■ Task to complete
Begin at the line below that has "Η εκδήλωση θα". Stop after the line that has "6 vnt.: kvadratinis", repeating each line exactly and leaving out the pictures.

■ Material provided
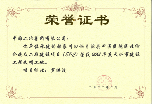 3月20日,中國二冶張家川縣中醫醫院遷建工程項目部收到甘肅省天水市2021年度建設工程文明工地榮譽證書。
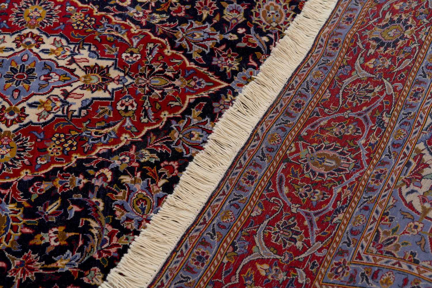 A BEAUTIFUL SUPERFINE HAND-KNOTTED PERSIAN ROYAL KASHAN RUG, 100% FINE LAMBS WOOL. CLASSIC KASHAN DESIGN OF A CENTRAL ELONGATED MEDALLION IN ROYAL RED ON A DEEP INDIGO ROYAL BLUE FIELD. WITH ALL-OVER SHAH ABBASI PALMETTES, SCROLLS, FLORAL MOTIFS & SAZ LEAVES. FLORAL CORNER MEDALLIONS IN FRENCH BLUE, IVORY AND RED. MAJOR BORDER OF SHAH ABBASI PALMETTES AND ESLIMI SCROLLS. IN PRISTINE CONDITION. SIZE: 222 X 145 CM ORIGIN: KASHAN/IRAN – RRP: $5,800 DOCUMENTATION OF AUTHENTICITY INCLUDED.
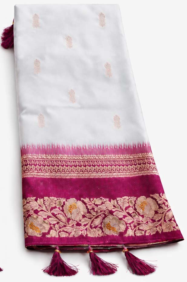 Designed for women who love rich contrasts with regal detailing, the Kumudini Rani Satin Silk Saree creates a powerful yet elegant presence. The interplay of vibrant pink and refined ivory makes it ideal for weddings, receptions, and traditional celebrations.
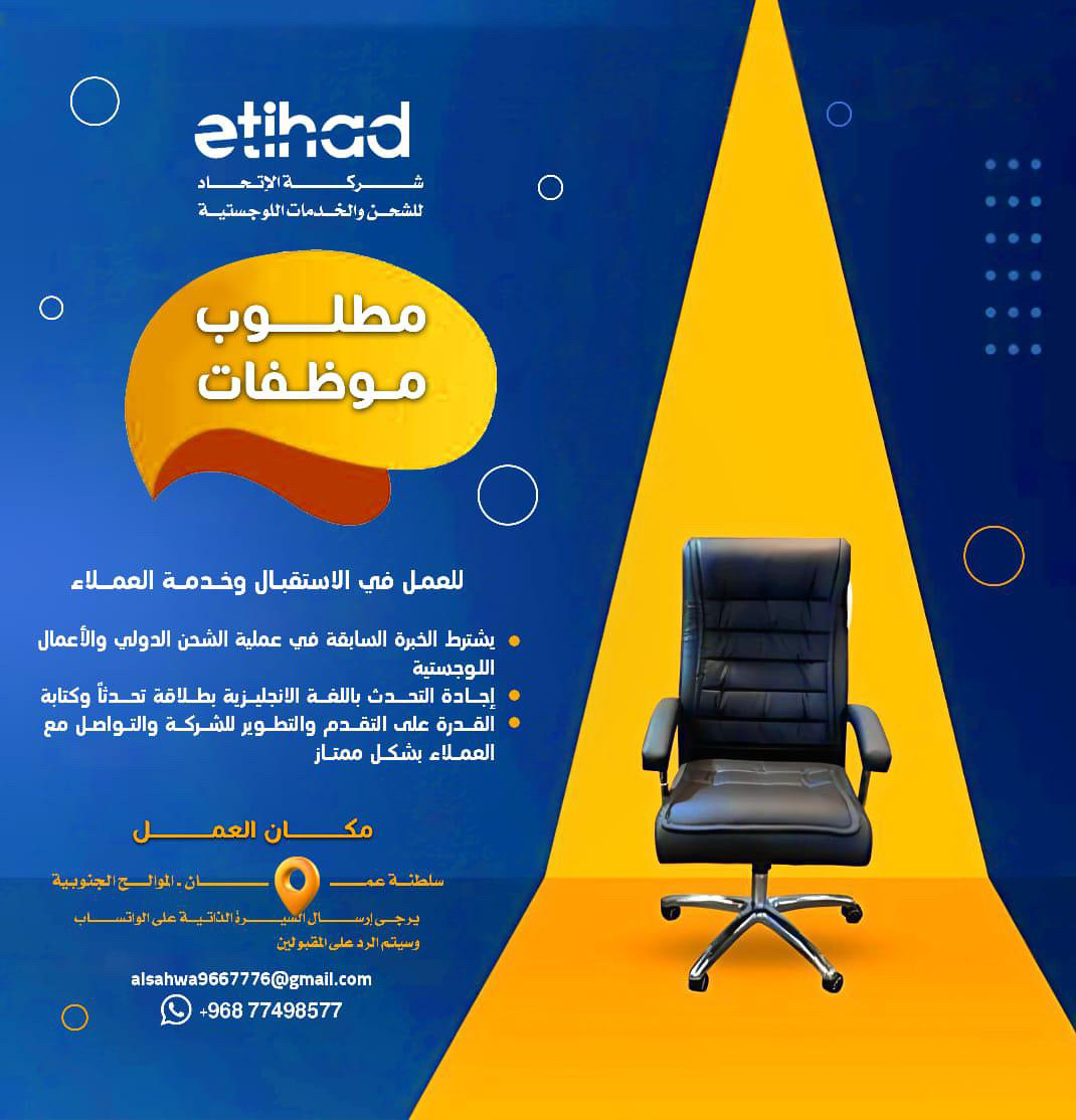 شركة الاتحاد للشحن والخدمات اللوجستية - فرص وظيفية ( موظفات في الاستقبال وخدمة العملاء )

--

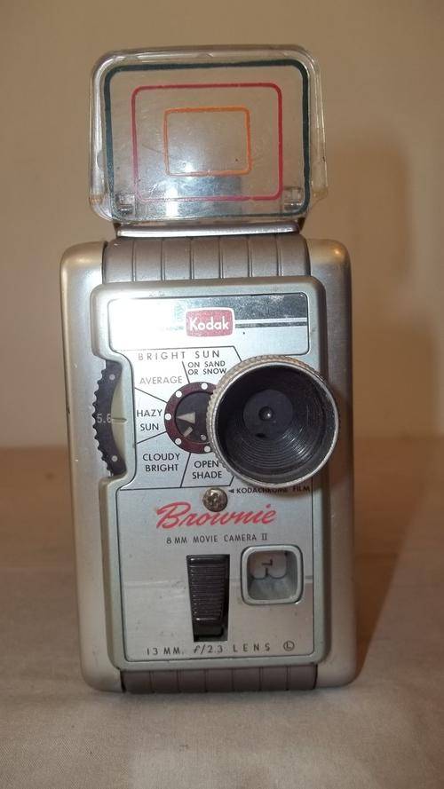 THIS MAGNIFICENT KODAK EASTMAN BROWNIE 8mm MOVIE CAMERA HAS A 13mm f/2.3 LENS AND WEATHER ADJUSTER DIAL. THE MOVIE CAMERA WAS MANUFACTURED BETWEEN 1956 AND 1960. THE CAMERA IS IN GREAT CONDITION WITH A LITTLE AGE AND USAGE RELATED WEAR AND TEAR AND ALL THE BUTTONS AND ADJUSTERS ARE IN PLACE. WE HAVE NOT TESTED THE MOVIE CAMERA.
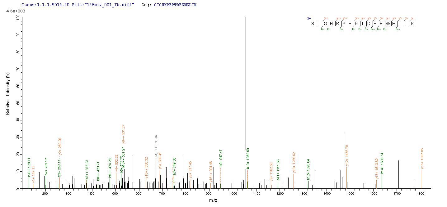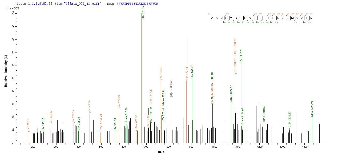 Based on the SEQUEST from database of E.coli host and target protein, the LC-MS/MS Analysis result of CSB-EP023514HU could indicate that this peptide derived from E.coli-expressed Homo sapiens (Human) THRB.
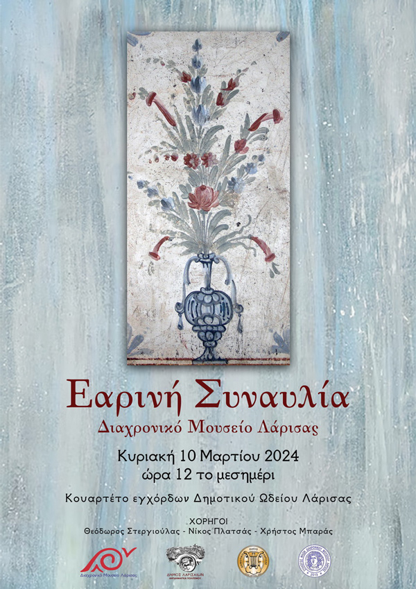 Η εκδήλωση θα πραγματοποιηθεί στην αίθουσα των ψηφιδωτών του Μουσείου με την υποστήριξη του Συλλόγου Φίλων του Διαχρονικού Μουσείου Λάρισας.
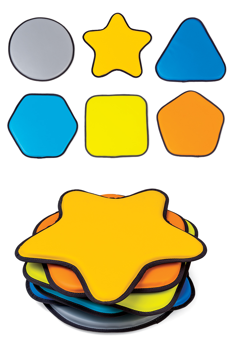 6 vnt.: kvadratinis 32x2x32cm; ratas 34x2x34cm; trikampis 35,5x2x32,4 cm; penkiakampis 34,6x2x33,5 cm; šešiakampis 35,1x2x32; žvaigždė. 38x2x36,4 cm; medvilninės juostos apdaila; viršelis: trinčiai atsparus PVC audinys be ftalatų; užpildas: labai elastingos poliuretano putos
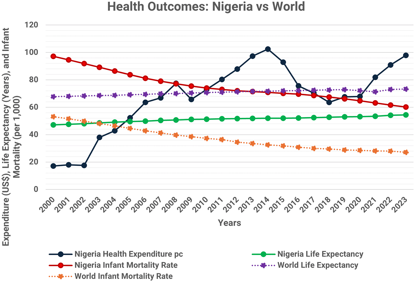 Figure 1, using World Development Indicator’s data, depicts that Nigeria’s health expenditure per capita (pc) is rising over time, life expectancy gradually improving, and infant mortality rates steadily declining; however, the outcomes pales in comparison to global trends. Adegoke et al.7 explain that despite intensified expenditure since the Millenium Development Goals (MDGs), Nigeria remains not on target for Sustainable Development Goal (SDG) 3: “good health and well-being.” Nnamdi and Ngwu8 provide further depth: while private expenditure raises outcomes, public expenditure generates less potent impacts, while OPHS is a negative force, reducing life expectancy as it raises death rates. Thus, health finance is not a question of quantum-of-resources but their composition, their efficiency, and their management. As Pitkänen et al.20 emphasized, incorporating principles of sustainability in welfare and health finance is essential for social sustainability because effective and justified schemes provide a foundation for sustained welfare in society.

==

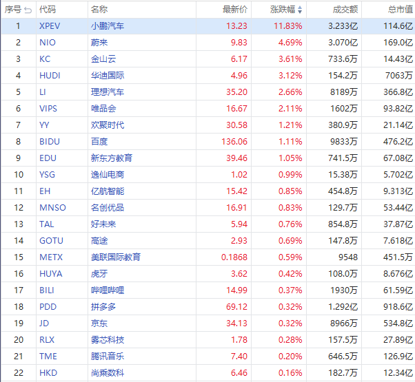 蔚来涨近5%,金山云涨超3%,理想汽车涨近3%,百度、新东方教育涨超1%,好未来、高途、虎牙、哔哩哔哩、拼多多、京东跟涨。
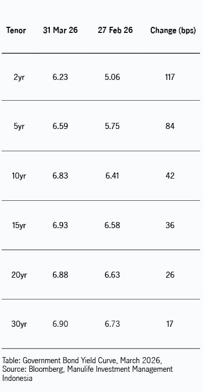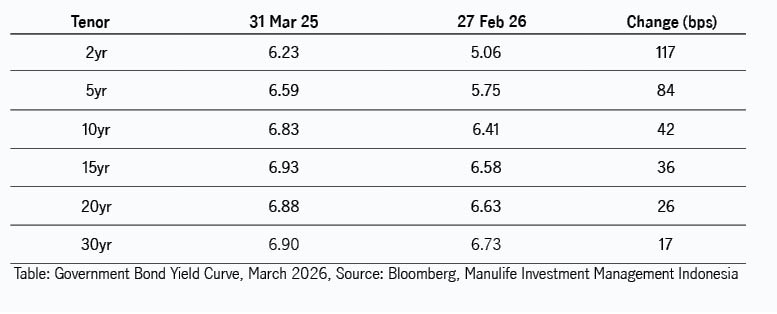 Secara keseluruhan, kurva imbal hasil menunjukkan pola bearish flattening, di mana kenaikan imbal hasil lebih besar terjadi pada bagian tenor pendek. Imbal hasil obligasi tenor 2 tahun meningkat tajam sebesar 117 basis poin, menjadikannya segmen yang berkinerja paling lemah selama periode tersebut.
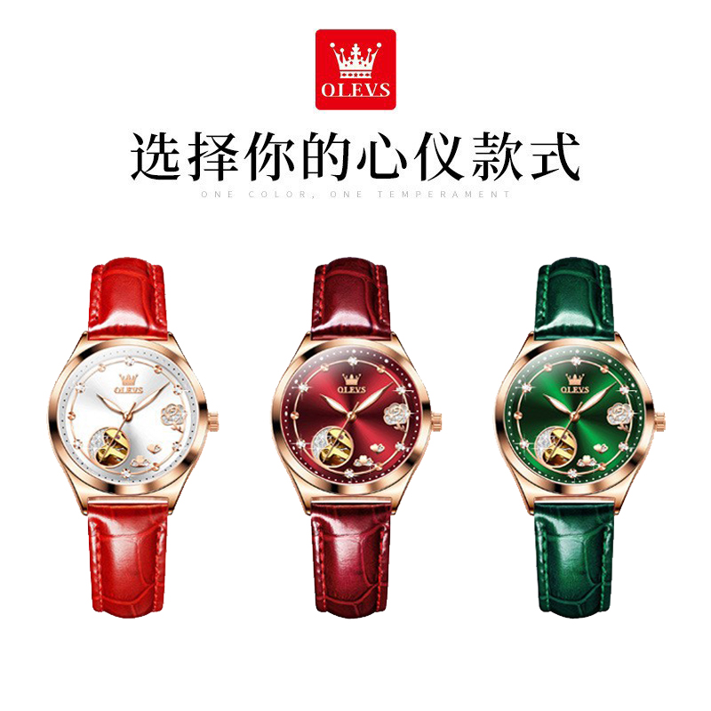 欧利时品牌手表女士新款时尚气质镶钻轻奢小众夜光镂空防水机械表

■ Response to the exercise
 Η εκδήλωση θα πραγματοποιηθεί στην αίθουσα των ψηφιδωτών του Μουσείου με την υποστήριξη του Συλλόγου Φίλων του Διαχρονικού Μουσείου Λάρισας.
 6 vnt.: kvadratinis 32x2x32cm; ratas 34x2x34cm; trikampis 35,5x2x32,4 cm; penkiakampis 34,6x2x33,5 cm; šešiakampis 35,1x2x32; žvaigždė. 38x2x36,4 cm; medvilninės juostos apdaila; viršelis: trinčiai atsparus PVC audinys be ftalatų; užpildas: labai elastingos poliuretano putos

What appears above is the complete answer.